BEYOND THE GRADEBOOK: ASSESSING LARGE STUDENT COHORTS AND REIMAGINING THE FUTURE OF ASSESSMENT IN THE AGE OF AI

Authors

Keywords:

Large-scale teaching, artificial intelligence, assessment design, student engagement, academic integrity

Abstract

 

How does academic integrity shift in an era where Artificial Intelligence (AI) generated text is increasingly difficult to distinguish from student-authored work?  How do we design assessments that remain meaningful and engaging for thousands of students?
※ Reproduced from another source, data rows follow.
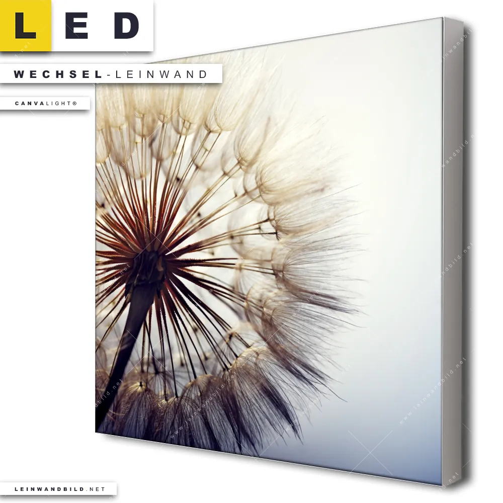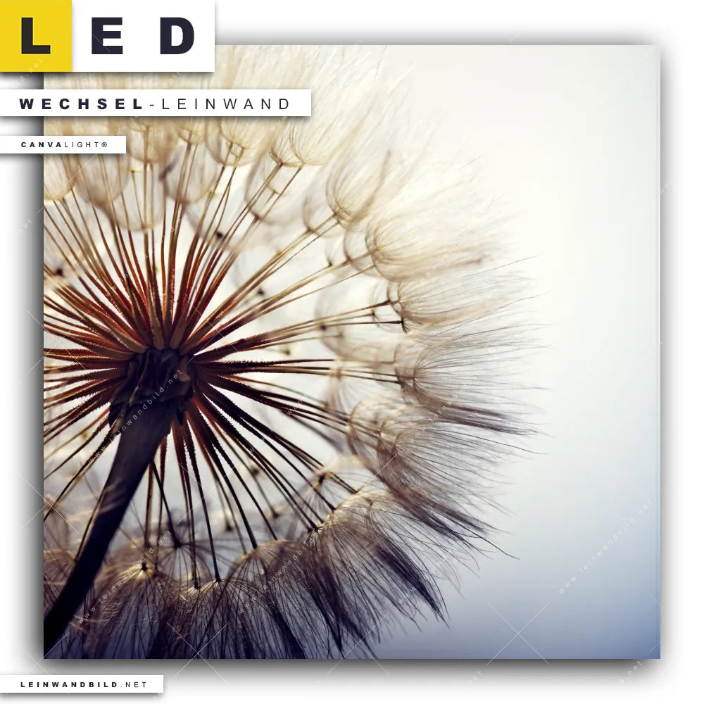 Du konfigurierst Deine individuelle LED Wechsel-Leinwand Canvalight® TEX | Pusteblume | Quadrat und wir produzieren sie NEU für Dich. Unsere Blumen - Botanik Austausch-Fotoleinwände für Canvalight® LED Bilder sind KEINE Lagerware. Du bist Dir unsicher, welches Motiv oder Format das richtige für dein individuelles LED Wechselmotiv auf Leinwand ist, dann helfen wir dir gerne weiter und beraten dich!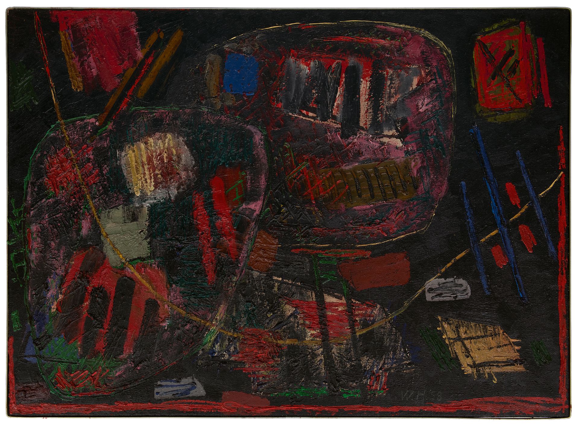 olieverf op jute 95,1 x 130,0 cm, gesigneerd rechtsonder met initialen en gedateerd '58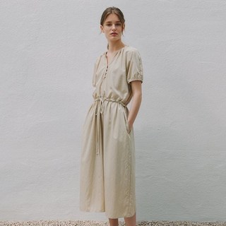 라미네즈 래글런 골드버튼 롱 드레스 - 베이지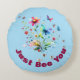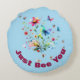 Añada un toque acogedor a su espacio con esta almohada redonda, mostrando un encantador diseño de acuarela floral simple con un monograma de "Just Bee You". El color de fondo del diseño es un azul suave, con delicadas flores acuarelas, abejas lúdicas y mariposas elegantes que aportan un aspecto caprichoso y natural. Esta almohada ofrece confort y estilo, perfecto para cualquier habitación que necesite un toque de calidez e inspiración. Ya sea como un regalo o para su propia casa, es un encantador recordatorio para abrazar su singularidad!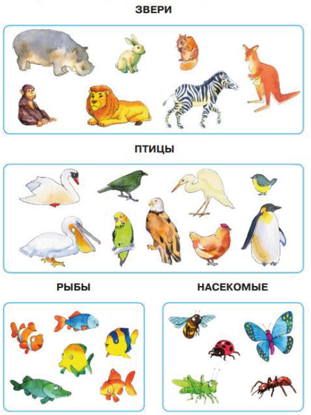 В обеих группах звери. Слева - домашние, справа - дикие.
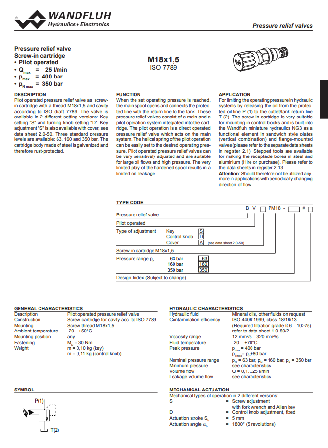 Pressure relief cartridge pilot operated BV_PM18-Wandfluh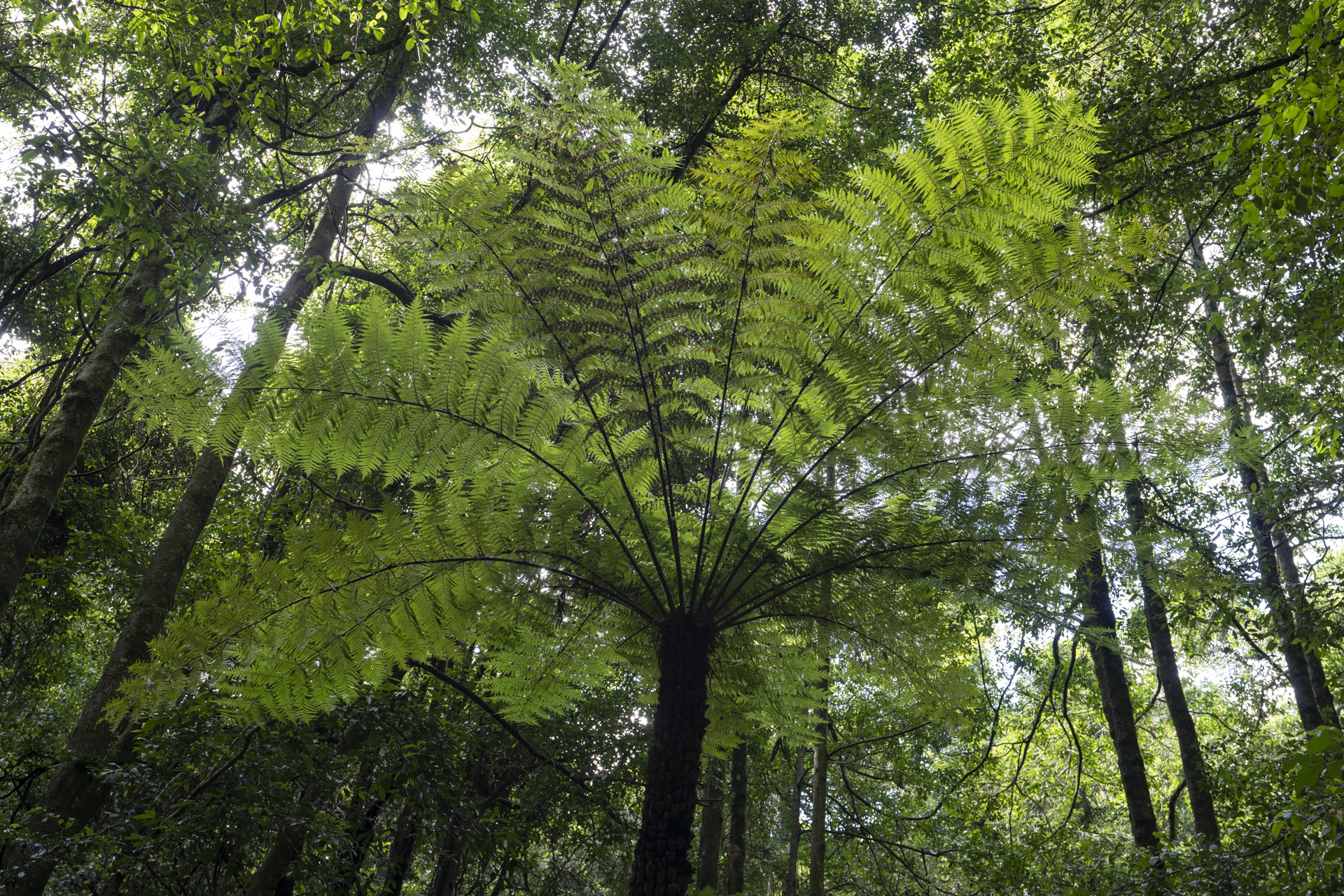 Die Scenic World erschließt ein Gelände an einem steilen Hang, an dem in früheren Zeiten Kohle abgebaut worden war. Die damalige extrem steile Standseilbahn ist längst durch eine moderne Konstruktion ersetzt, die aber nicht weniger steil ist. Irgendwie fühlte man sich wie im Bahnhof einer Achterbahn. Die ursprüngliche Sitzposition war fast liegend. Als es dann losging und die Wagen allmählich noch unten abkippten erwartete ich unwillkürlich eine Beschleunigung wie bei der Silver Star. Tatsächlich fuhr die Bahn aber im gemächlichen Tempo nach unten, wobei auch noch ein Tunnel durchquert wird. Nach etwas mehr als 400 m ist bereits Schluss. Von da aus führen verschiedene Boardwalks durch den noch recht jungen Wald am Hang hoch und runter.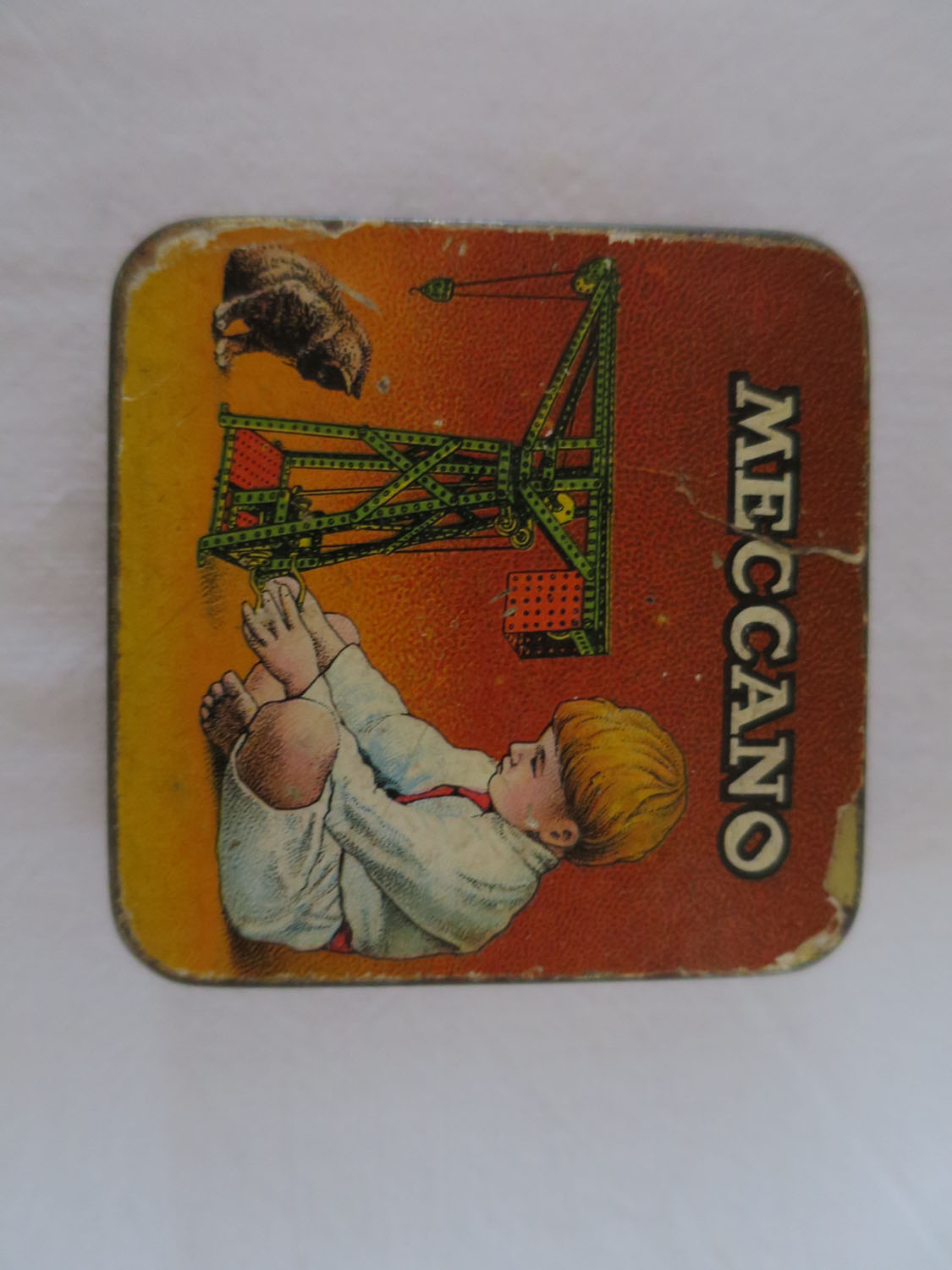Meccano-ask av bleckplåt med påklistrad etikett, som är något sliten i hörnen. 1920-tal???

The University of Melbourne’s first year subject; Today’s Science, Tomorrow’s World, Australia’s largest undergraduate science subject, has provided a unique opportunity to investigate these questions at scale.  Since launching in 2022, the subject has enrolled over 13,000 students across Semesters 1 and 2, supported each year by more than 70 tutors and 25 academic staff.

 

Our results draw on diverse datasets, including Turnitin AI detection and plagiarism scores, Learning Management System (LMS) engagement metrics, student reflections, feedback surveys, tutor evaluations, and assessment rubric data.  We examined trends in engagement, academic integrity, and student experience to identify practical implications for large-scale assessment.  Rubric-level analysis explores how AI-assisted submissions perform across different types of assessment criteria, from factual explanation to those demanding originality and critical thinking.  Several patterns emerged across semesters.  While AI detection tools provided useful signals, manual review was essential to ensure fair interpretation.  Online engagement metrics showed varied alignment with the quality and originality of submitted work, suggesting a more complex relationship than expected.  Structured reflection and AI-based interpretation tasks encouraged deeper thinking but proved most effective when supported by clear scaffolding and active tutor guidance.  What we have learned continues to inform our approach to assessment, workshop facilitation, and tutor training in large cohorts.

 

Our findings offer practical insights drawn from thousands of student assessments, supporting both academic integrity and the broader learning experience.  They contribute to the continuous improvement of reflective tasks, active learning activities, AI-integrated exercises, and group investigations.  This work aligns with the need for thoughtful AI integration within LMS-supported systems (Alotaibi, 2024), and supports research advocating for ethical, equitable, and sustainable approaches to AI use in science education (Almasri, 2024; Kamalov, Santandreu Calonge & Gurrib, 2023).  Our ongoing goal is to foster meaningful learning habits and develop assessment and engagement models that prioritise process over product.